All the data that follows should be repeated exactly, without a single picture.

======== Data for analysis

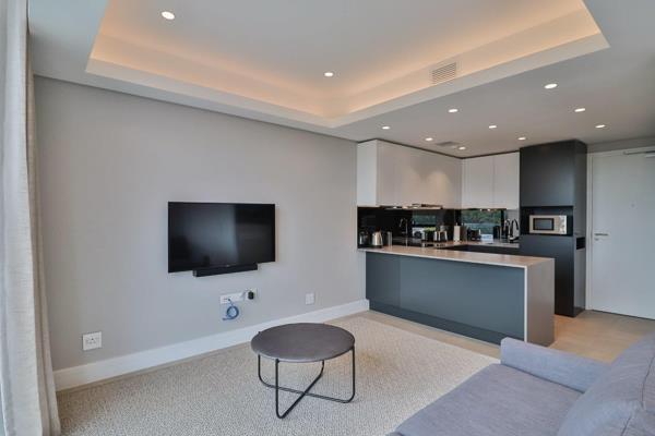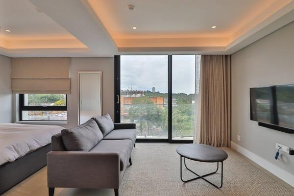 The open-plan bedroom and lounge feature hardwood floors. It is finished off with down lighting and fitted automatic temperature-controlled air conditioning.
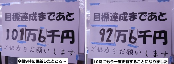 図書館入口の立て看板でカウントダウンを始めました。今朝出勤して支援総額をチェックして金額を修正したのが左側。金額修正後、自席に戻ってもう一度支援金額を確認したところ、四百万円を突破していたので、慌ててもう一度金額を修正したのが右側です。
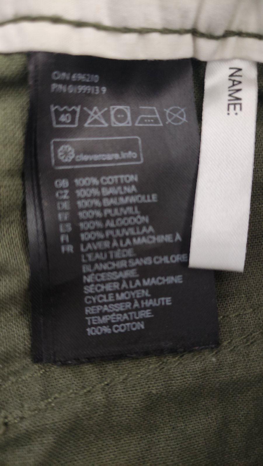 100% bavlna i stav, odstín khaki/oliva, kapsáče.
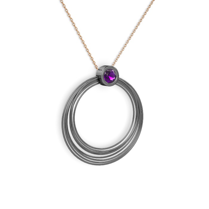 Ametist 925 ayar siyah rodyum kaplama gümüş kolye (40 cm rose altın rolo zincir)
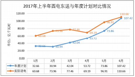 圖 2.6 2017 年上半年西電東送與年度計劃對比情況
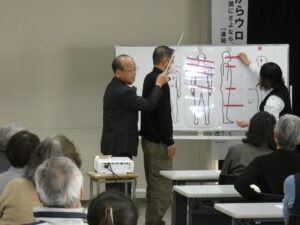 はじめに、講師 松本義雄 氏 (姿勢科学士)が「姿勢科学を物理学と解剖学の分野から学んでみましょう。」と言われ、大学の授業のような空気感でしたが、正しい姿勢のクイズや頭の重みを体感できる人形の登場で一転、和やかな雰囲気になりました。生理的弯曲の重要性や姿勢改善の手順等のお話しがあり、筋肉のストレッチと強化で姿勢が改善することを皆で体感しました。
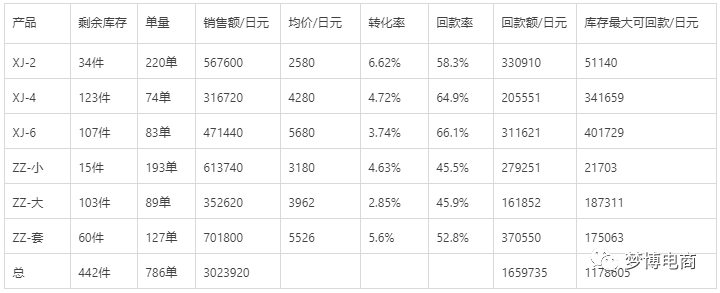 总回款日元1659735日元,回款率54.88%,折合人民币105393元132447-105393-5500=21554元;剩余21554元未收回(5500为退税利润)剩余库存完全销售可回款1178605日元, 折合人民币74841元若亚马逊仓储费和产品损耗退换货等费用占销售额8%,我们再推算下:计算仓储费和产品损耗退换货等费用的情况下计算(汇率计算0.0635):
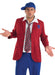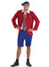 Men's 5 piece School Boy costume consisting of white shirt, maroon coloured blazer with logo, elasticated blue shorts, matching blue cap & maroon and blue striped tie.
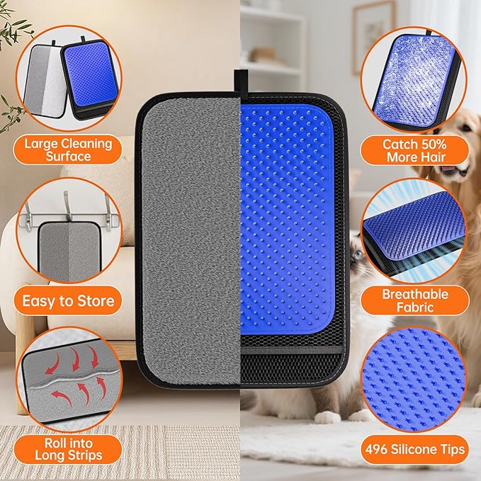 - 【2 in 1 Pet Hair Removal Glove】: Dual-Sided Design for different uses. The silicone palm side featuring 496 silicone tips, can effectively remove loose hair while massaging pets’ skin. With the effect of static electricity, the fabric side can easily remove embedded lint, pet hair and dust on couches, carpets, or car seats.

================

Answer space:
 The open-plan bedroom and lounge feature hardwood floors. It is finished off with down lighting and fitted automatic temperature-controlled air conditioning.
 図書館入口の立て看板でカウントダウンを始めました。今朝出勤して支援総額をチェックして金額を修正したのが左側。金額修正後、自席に戻ってもう一度支援金額を確認したところ、四百万円を突破していたので、慌ててもう一度金額を修正したのが右側です。
 100% bavlna i stav, odstín khaki/oliva, kapsáče.
 Ametist 925 ayar siyah rodyum kaplama gümüş kolye (40 cm rose altın rolo zincir)
 圖 2.6 2017 年上半年西電東送與年度計劃對比情況
 はじめに、講師 松本義雄 氏 (姿勢科学士)が「姿勢科学を物理学と解剖学の分野から学んでみましょう。」と言われ、大学の授業のような空気感でしたが、正しい姿勢のクイズや頭の重みを体感できる人形の登場で一転、和やかな雰囲気になりました。生理的弯曲の重要性や姿勢改善の手順等のお話しがあり、筋肉のストレッチと強化で姿勢が改善することを皆で体感しました。
 总回款日元1659735日元,回款率54.88%,折合人民币105393元132447-105393-5500=21554元;剩余21554元未收回(5500为退税利润)剩余库存完全销售可回款1178605日元, 折合人民币74841元若亚马逊仓储费和产品损耗退换货等费用占销售额8%,我们再推算下:计算仓储费和产品损耗退换货等费用的情况下计算(汇率计算0.0635):
 Men's 5 piece School Boy costume consisting of white shirt, maroon coloured blazer with logo, elasticated blue shorts, matching blue cap & maroon and blue striped tie.
 - 【2 in 1 Pet Hair Removal Glove】: Dual-Sided Design for different uses. The silicone palm side featuring 496 silicone tips, can effectively remove loose hair while massaging pets’ skin. With the effect of static electricity, the fabric side can easily remove embedded lint, pet hair and dust on couches, carpets, or car seats.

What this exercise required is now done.